A single-centre study of 52 cases using the Aixplorer system, which was developed from the RUBI SWE prototype used in our study, compared two observers who independently measured the mean SWE from two previously acquired pairs of images and found an interobserver ICC of 0.99 [18]. In a subset of 15 cases, they also assessed interobserver reliability with a second observer re-imaging the mass, and found an ICC of 0.80 for mean elasticity.

In general, reproducibility is important for the widespread adoption of any imaging technique. Shear wave elastography can improve the management of BI-RADS 3 and 4a masses [10]. Standardisation is a central tenet of the BI-RADS lexicon for consistent interpretation and communication of results, and elastography will be added to the next edition of BI-RADS: Ultrasound [19]. Consistent image generation is critical for serial studies of masses, for example, follow-up of probably benign masses, or to monitor the response of breast carcinomas to neoadjuvant chemotherapy, and the reliability of SWE could be helpful in these clinical situations. Standardising the colour display across elastography systems so that, for example, soft tissues are consistently blue and stiff tissues consistently red, would avoid confusion in centres with multiple different systems or on receipt of images from outside facilities, and should urgently be addressed.
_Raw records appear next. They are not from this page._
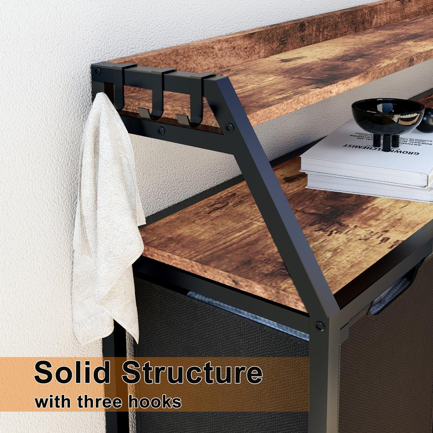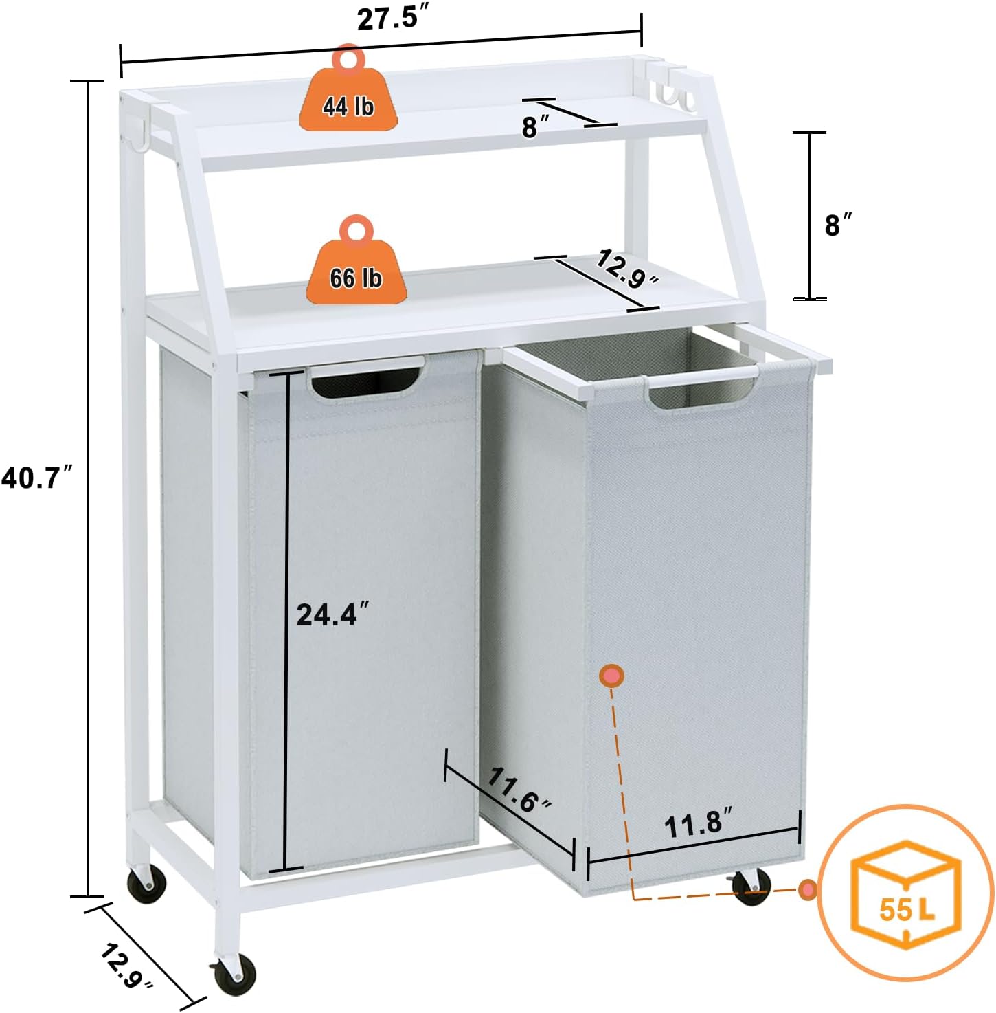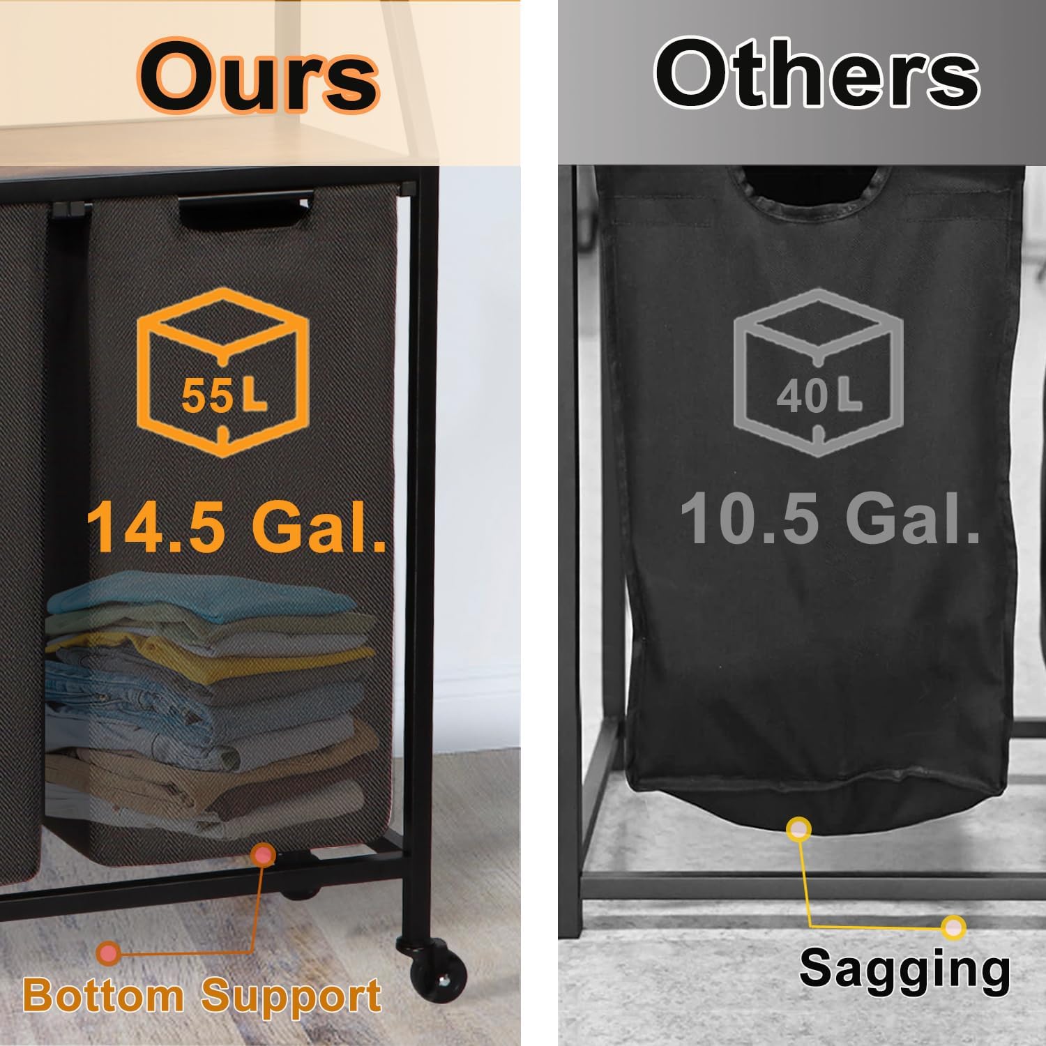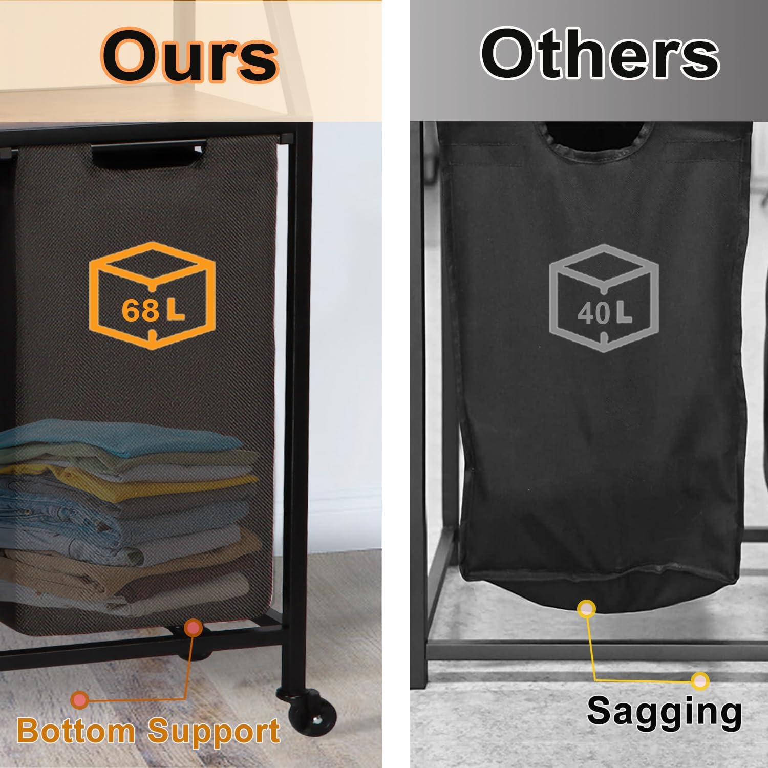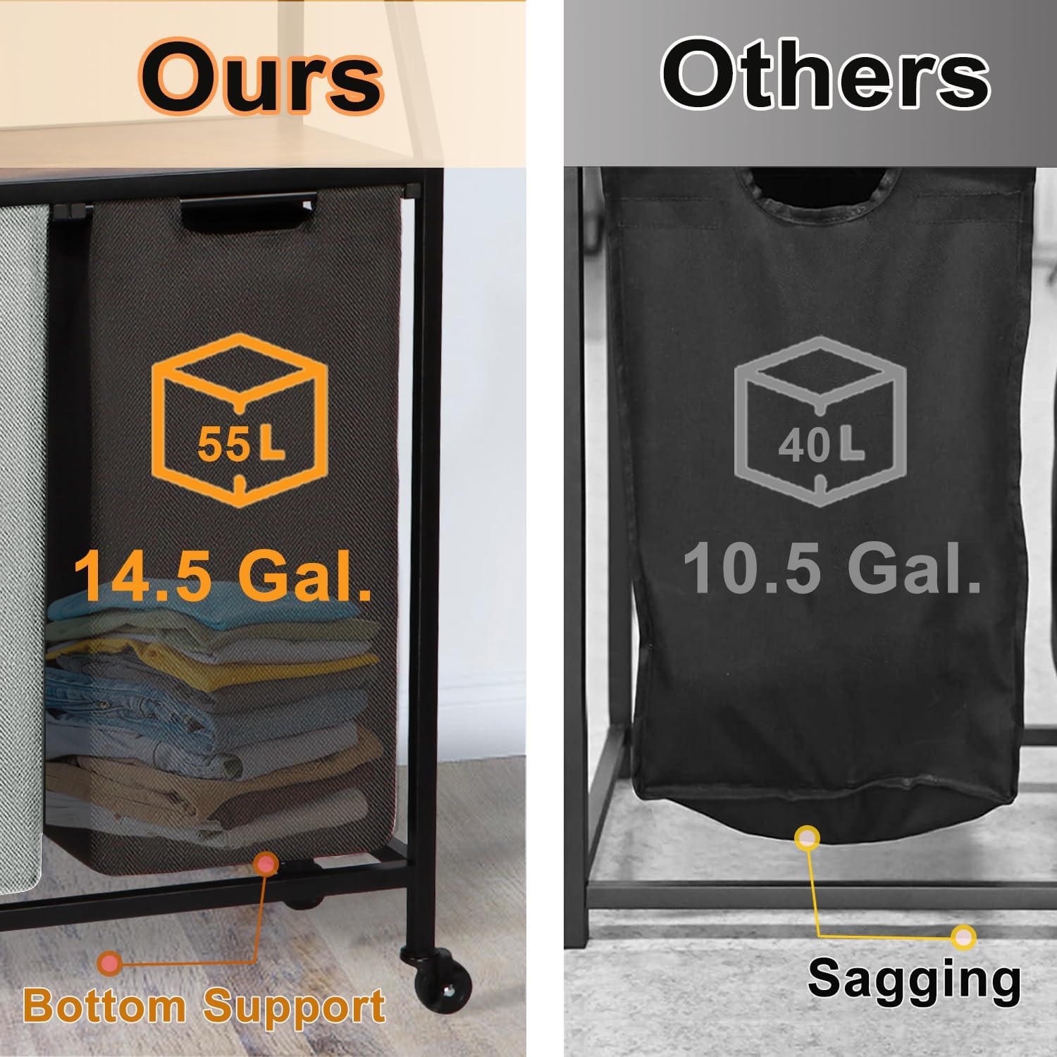 Laundry Hamper, Laundry Sorter with 4 Section, Rolling Basket with Wheels, 2 Shelves, 4 14.5 Gal, Pull-Out and Removable Oxford Fabric Bags for Laundry Room, Black and Rustic Brown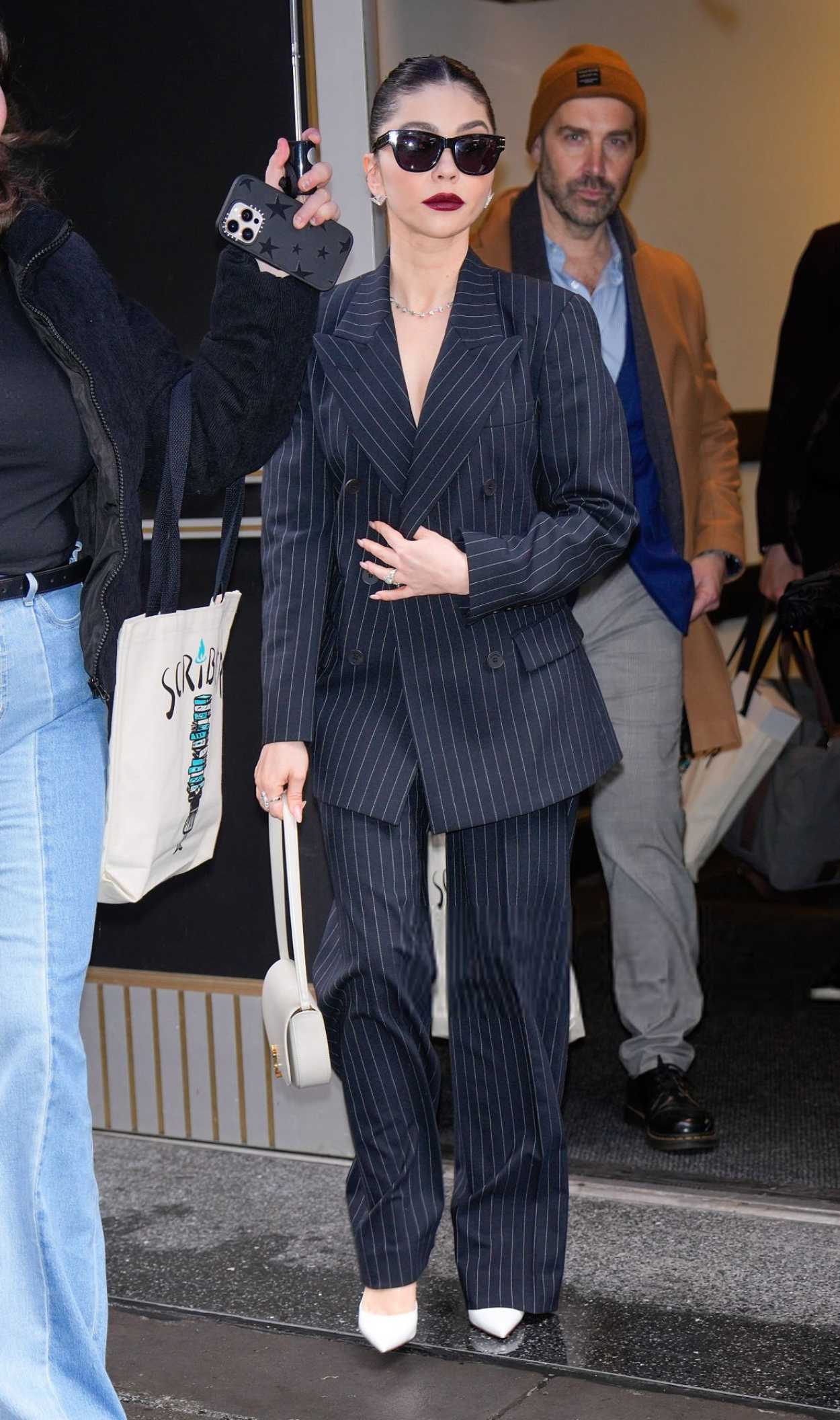 Sarah Hyland in a Black Pantsuit Was Seen Out in New York City 04/11/2025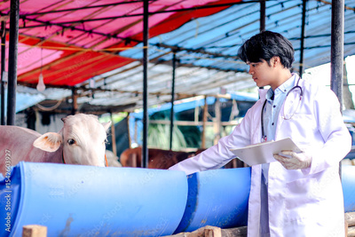 Young Man Veterinarian With Stethoscope Checking Condition of Cow With Clipboard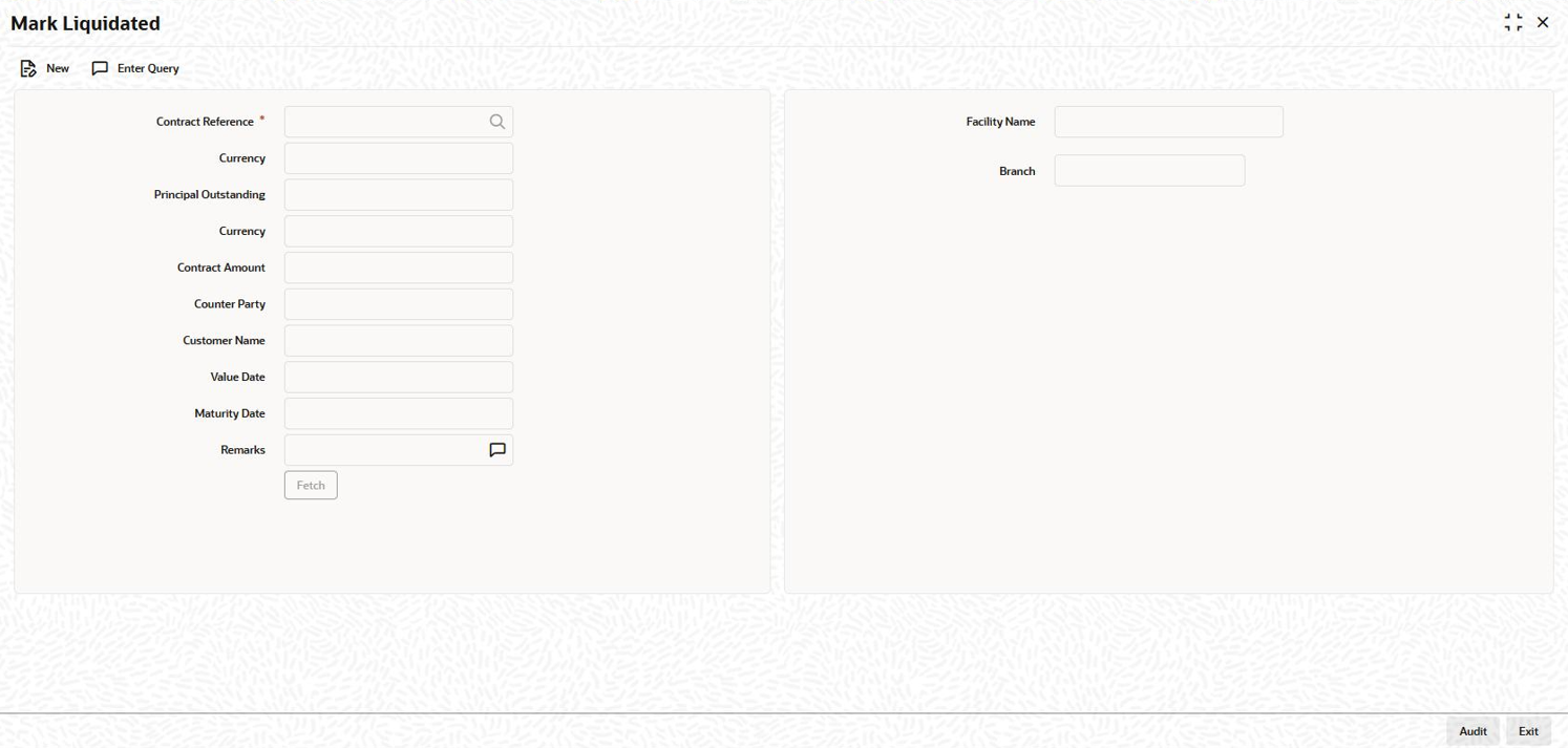 You can only change status from Active to Liquidated; no other status change can be done from this screen.- New - This operation initiates contract status change for a contract. When you click on New button, the Contract Ref No is enabled and you can select the required contract to be liquidated.

There are limitations to our study. One hundred and seventy-four masses, including 141 malignancies (81%), were excluded from reproducibility analysis because the SWE values exceeded the (default) 7.7 m/s upper limit that was pre-set for the scale. The prototype RUBI software did not allow SWE measurements of values higher than 7.7 m/s, although analysis including these masses showed similarly high reliability. Difficulties and errors in the placement of the Q-box could have had a negative impact on the reproducibility of the measurements. The immediate reapplication technique that we used for the intraobserver reliability study likely improves intraobserver reproducibility but any other method is hard to implement and the immediate reapplication approach is more clinically pertinent than two or more readers re-reading previously acquired images. The blinded second read was retrospective, with only two static B-mode images and one SWE image available for each mass; ideally, a prospective interobserver comparison would use real-time image acquisition. A factor that is likely to affect reproducibility is the two-dimensional nature of conventional ultrasound, both B-mode and elastography, with resulting differences in slice selection across acquisitions, and we did not compare the reliability of SWE imaging in all planes. Three-dimensional SWE acquisition is possible but was not available during this study. Despite this, we showed high intraobserver reproducibility across multiple acquisitions.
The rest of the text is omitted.